Franchising since 2013 · 1 locations

The total investment to open a Black Sheep Coffee franchise ranges from $730,000 - $1.3M. The initial franchise fee is $40,000. Ongoing royalties are 7%. Black Sheep Coffee currently operates 1 locations (1 franchised). PeerSense FPI health score: 44/100.

Investment

$730,000 - $1.3M

Franchise Fee

$40,000

Total Units

1

1 franchised

FPI Score
Low
44

Proprietary PeerSense metric

Fair
Capital Partners
1lenders available

Active capital sources verified for Black Sheep Coffee financing

SBA

7(a) Eligible

21d

Avg Funding

P+2.25%

Best Rate

No retainers · Referral fee at closing

FPI Score Breakdown

New/Niche (1-2 loans)

Limited Data
44out of 100
Fair

SBA Lending Performance

SBA Default Rate

0.0%

0 of 1 loans charged off

SBA Loans

1

Total Volume

$0.7M

Active Lenders

1

States

1

What is the Black Sheep Coffee franchise?
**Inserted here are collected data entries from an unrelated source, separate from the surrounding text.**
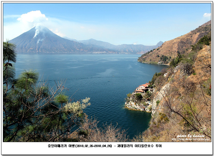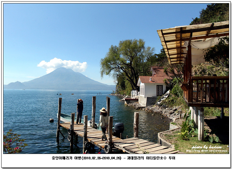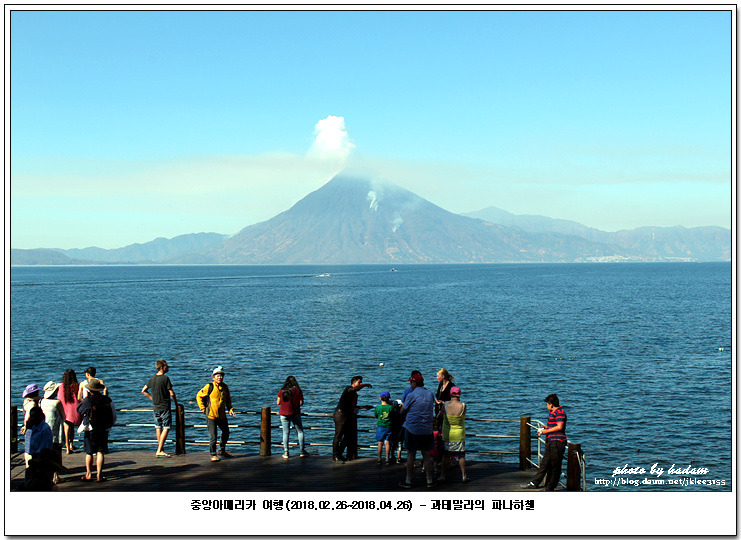 호텔에서 10분 정도 걸어가면 나타나는 아티틀란 호수...건너편에 보이는 것이 산페드로 화산입니다. 화산 중간에 피어 오르는 연기는 화산으로생긴것이 아니고 화전민들이 밭을 일구는 것이라고 합니다.
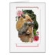 Ein süßes Bild eines roten Fuchs Kit, das seine Mutter mit einem blühenden Rahmen nagelt.
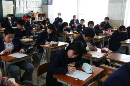 2年生の国語の時間、生徒たちは3月6日に行われた「公立高校中期選抜検査」の問題に挑戦。
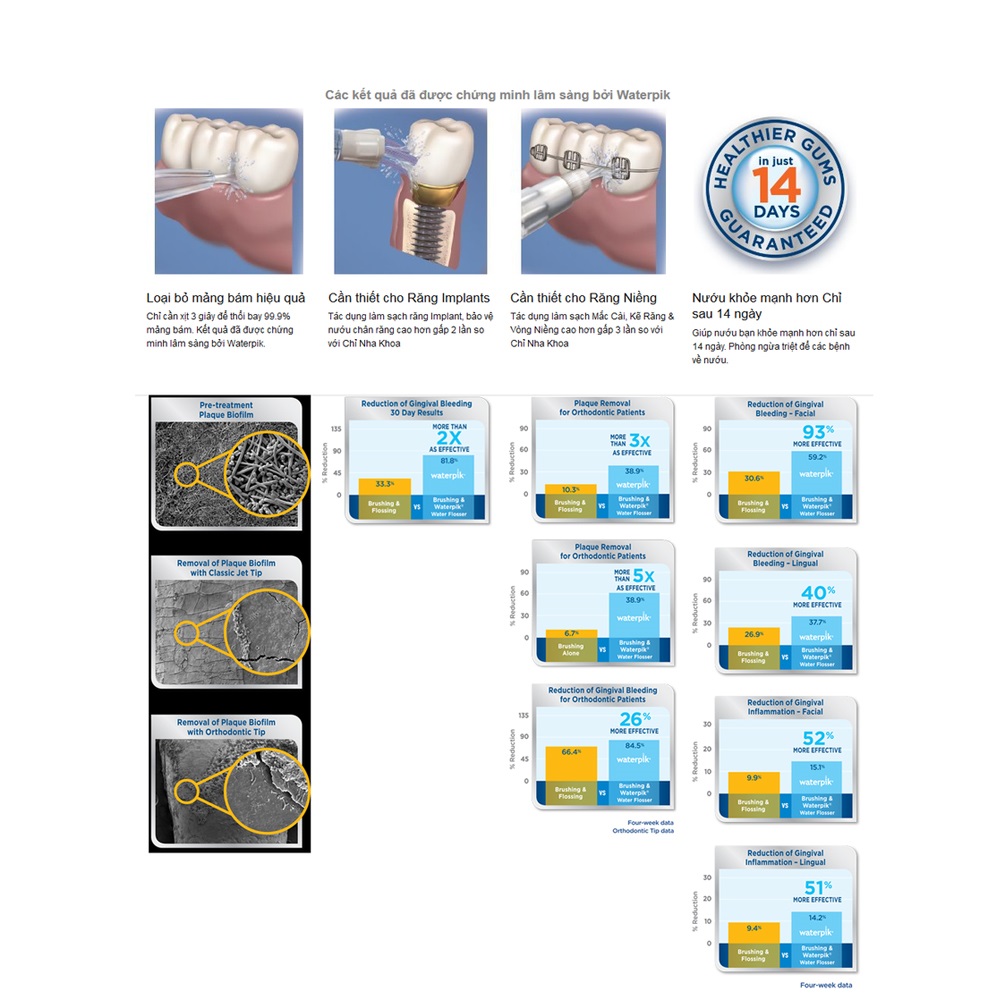 Máy tăm nước không dây giúp vệ sinh răng miệng Waterpik Cordless WP450 giúp làm sạch răng hiệu quả hơn 93% so với chỉ nha khoa, làm giảm các bệnh về nướu, chảy máu chân răng, hạn chế tình trạng nha chu, hôi miệng, loại bỏ vi khuẩn ở kẽ răng, dưới nướu, giúp nướu khỏe mạnh hơn chỉ trong 14 ngày. Công dụng:
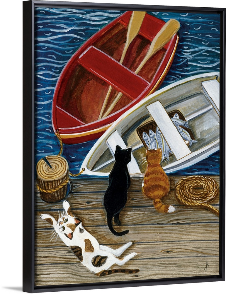 Art Contemporary Art Painting Transportation Boat Rowboat Wildlife Cat
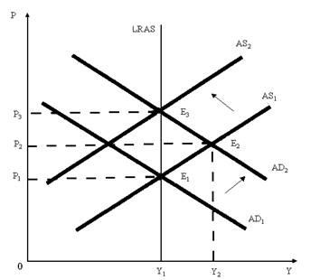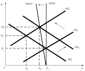 В долгосрочном плане избыточное расширение совокупного спроса приведет к новому долгосрочному равновесию, характеризующемуся неизменным объемом производства при возросшем уровне цен, что графически выразится в смещении равновесия вдоль кривой долгосрочного предложения LRAS из точки Е1
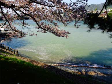 その激流の宇治川でも桜の木の下には
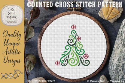 This beautiful ART DECO TREE was adaped for cross stitch from licensed artwork by designstitch.\nDesign is within 102 x 123 stitches in size and uses four colors of DMC floss.\n\nSize 11 count: 9.27 x 11.18 inches or 23.55 x 28.40 cm\nSize 14 count: 7.29 x 8.79 inches or 18.51 x 22.32 cm\nSize 16 count: 6.38 x 7.69 inches or 16.19 x 19.53 cm\nSize 18 count: 5.67 x 6.83 inches or 14.39 x 17.36 cm
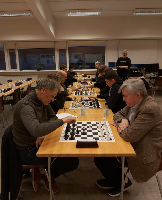 Að fyrirlestri loknum var svo taflmennska og slóst Guðmundur óvænt í hópinn og sýndi að hann hefur litlu gleymt. Helgi Ólafsson varð hlutskarpastur í 11. umferða móti en Guðmundur hlaut 7,5 vinning og lagði flesta af stigahæstu mönnum þessa æfingamóts að velli.
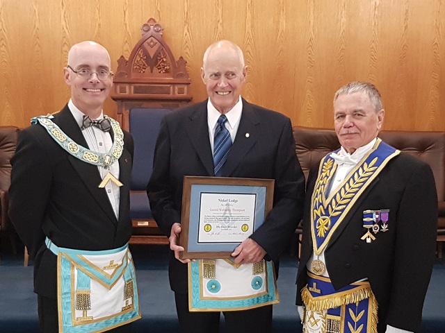 Nickel Lodge No 427’s September 5, 2018 Regular Meeting was a fraternal visit from the new D.D.G.M., R.W. Bro. Paavo Liukko. The meeting had both a celebration of 60 Years a Mason for Bro. Gerry Thompson and the passing of Bro. Greg Blomme.
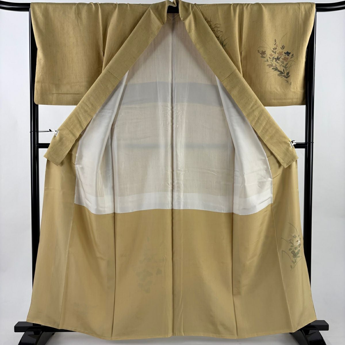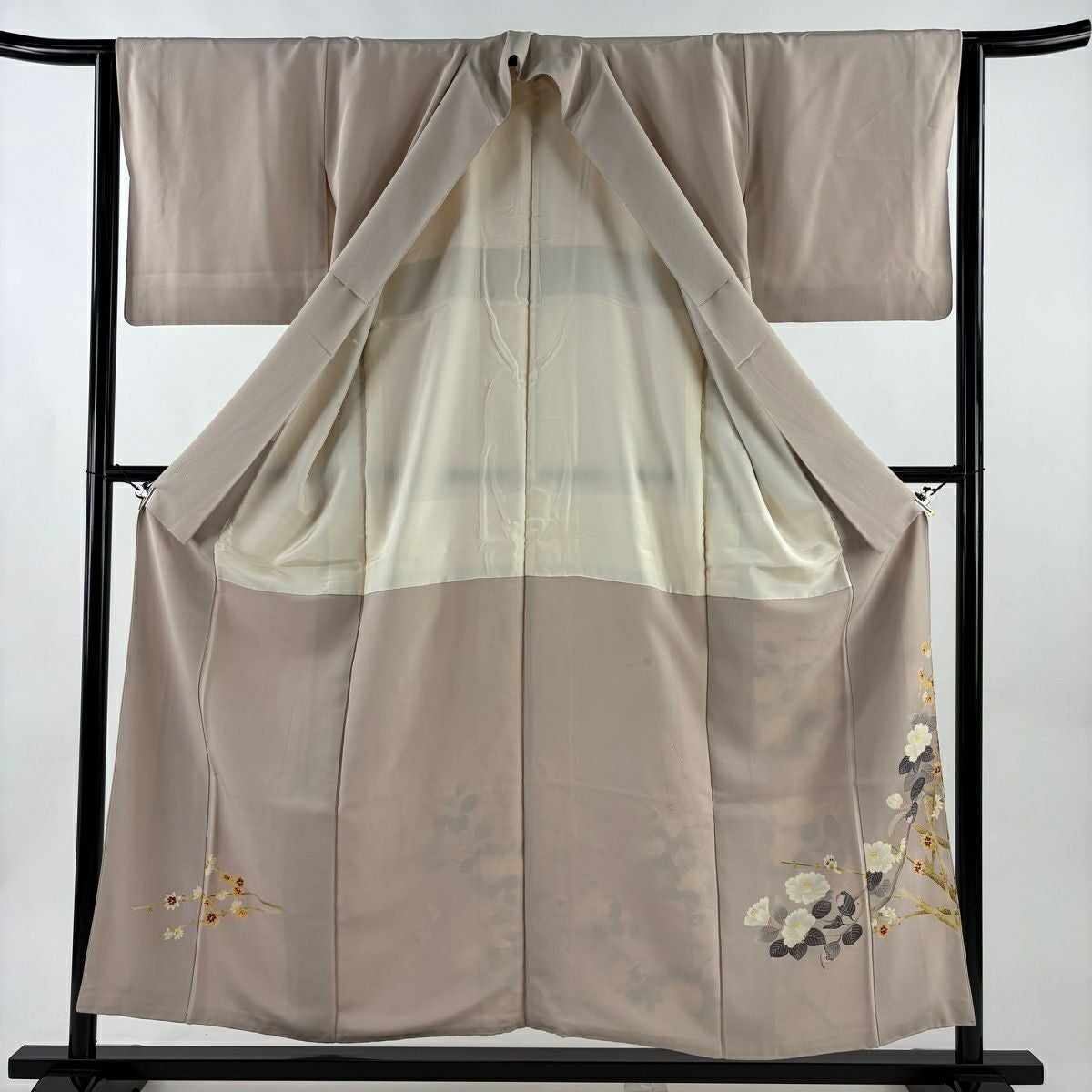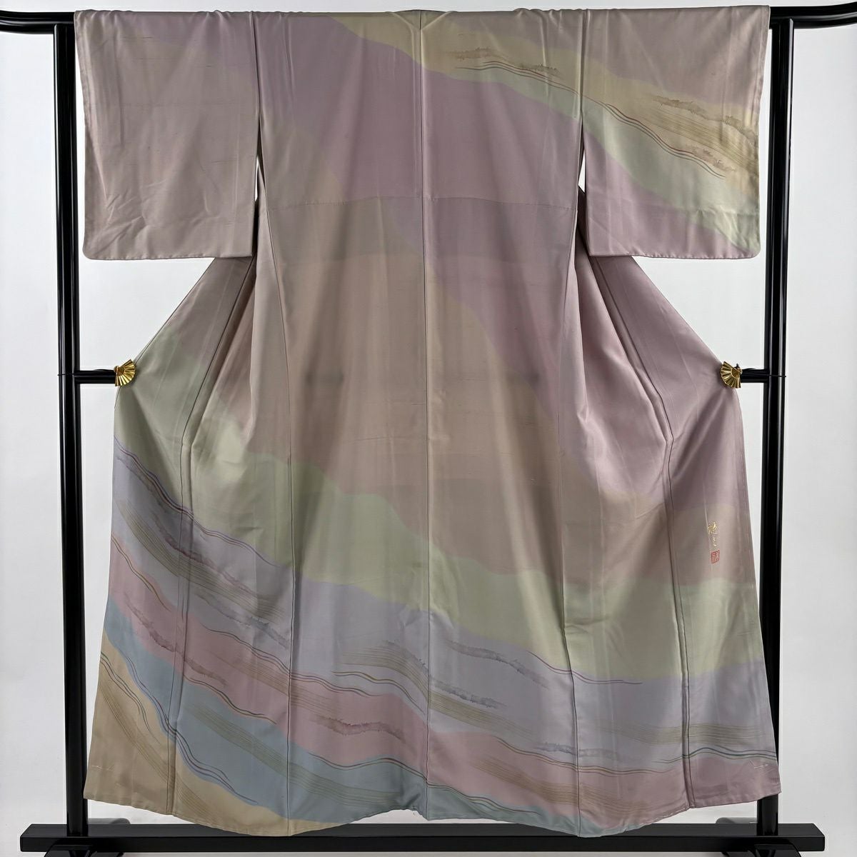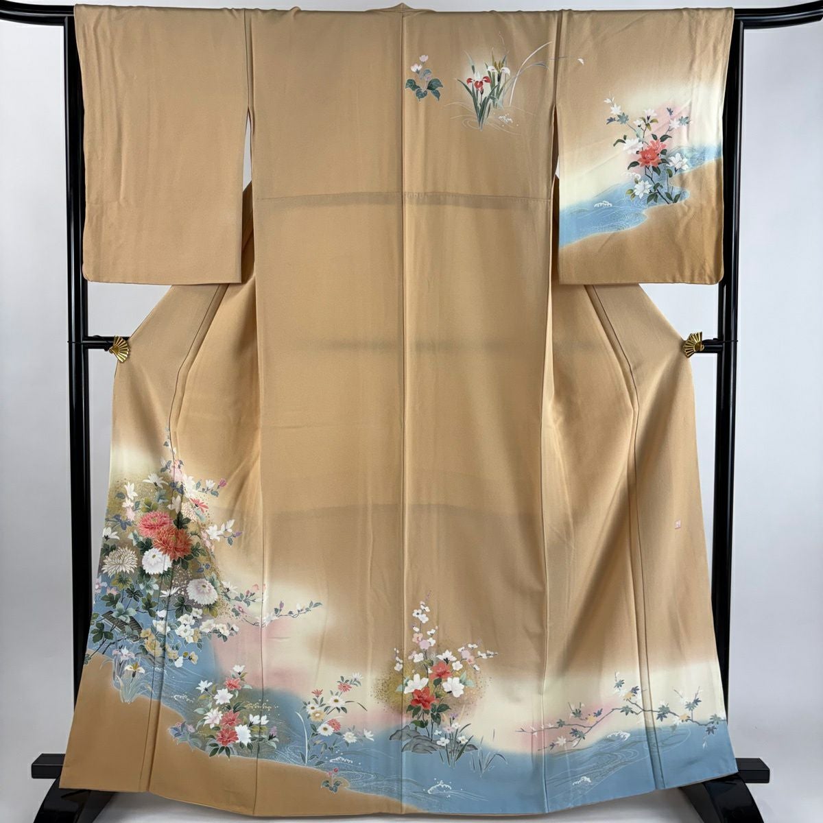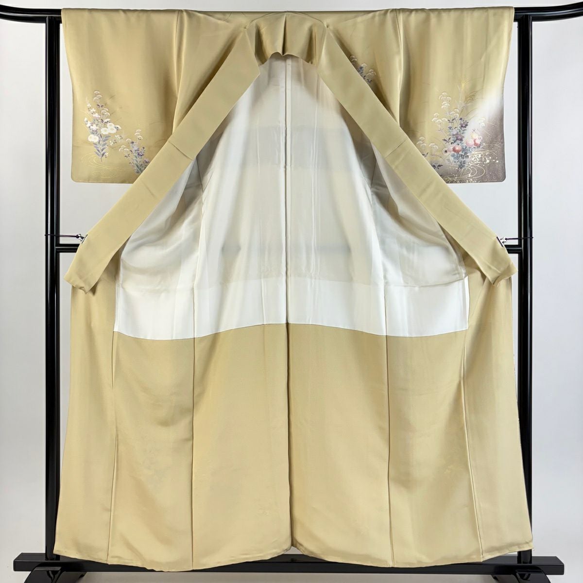 訪問着 身丈164.5cm 裄丈64cm M 袷 落款あり 草花 流水 金銀彩 ぼかし ベージュ 正絹 秀品

The global specialty coffee market is undergoing a structural shift, and investors who understand that dynamic are actively hunting for the brand positioned to capture disproportionate market share before it matures. The question serious franchise investors are asking right now is not whether specialty coffee is a good business — the U.S. specialty coffee segment alone generates over $47 billion in annual revenue, and global coffee shop market revenue is projected to surpass $237 billion by 2030 — the real question is which brand has the differentiated product, the operational infrastructure, and the growth velocity to justify a significant capital commitment. Black Sheep Coffee, founded in 2013 by university flatmates Gabriel Shohet and Eirik Holth in London, England, with Max Dubiel also joining as a co-founder, was built as a direct answer to that question. Headquartered in Stockwell, London, the company launched with an explicit mission to "challenge the establishment, take down the big corporate brands and rid the world of boring, average tasting coffee" — a brand identity that is not marketing language but operational doctrine. When Arabica dominated every specialty coffee shop from Seattle to Singapore, Black Sheep Coffee made the contrarian bet that 100% specialty-grade Robusta, delivering double the caffeine of standard blends, was both scientifically superior and commercially undervalued. That early conviction, maintained consistently since 2013, is now a genuine market differentiator. As of February 2026, the brand operates approximately 130 locations globally across the United Kingdom, the Middle East, Asia, the U.S., and France, with aggressive multi-year expansion agreements in place across multiple continents. Co-CEOs Shohet and Holth remain majority owners of the company as of September 2025, maintaining founder alignment with franchisee success in a way that corporate-owned legacy chains structurally cannot replicate. This analysis is produced independently by PeerSense research analysts and reflects no commercial relationship with Black Sheep Coffee or its franchise sales organization.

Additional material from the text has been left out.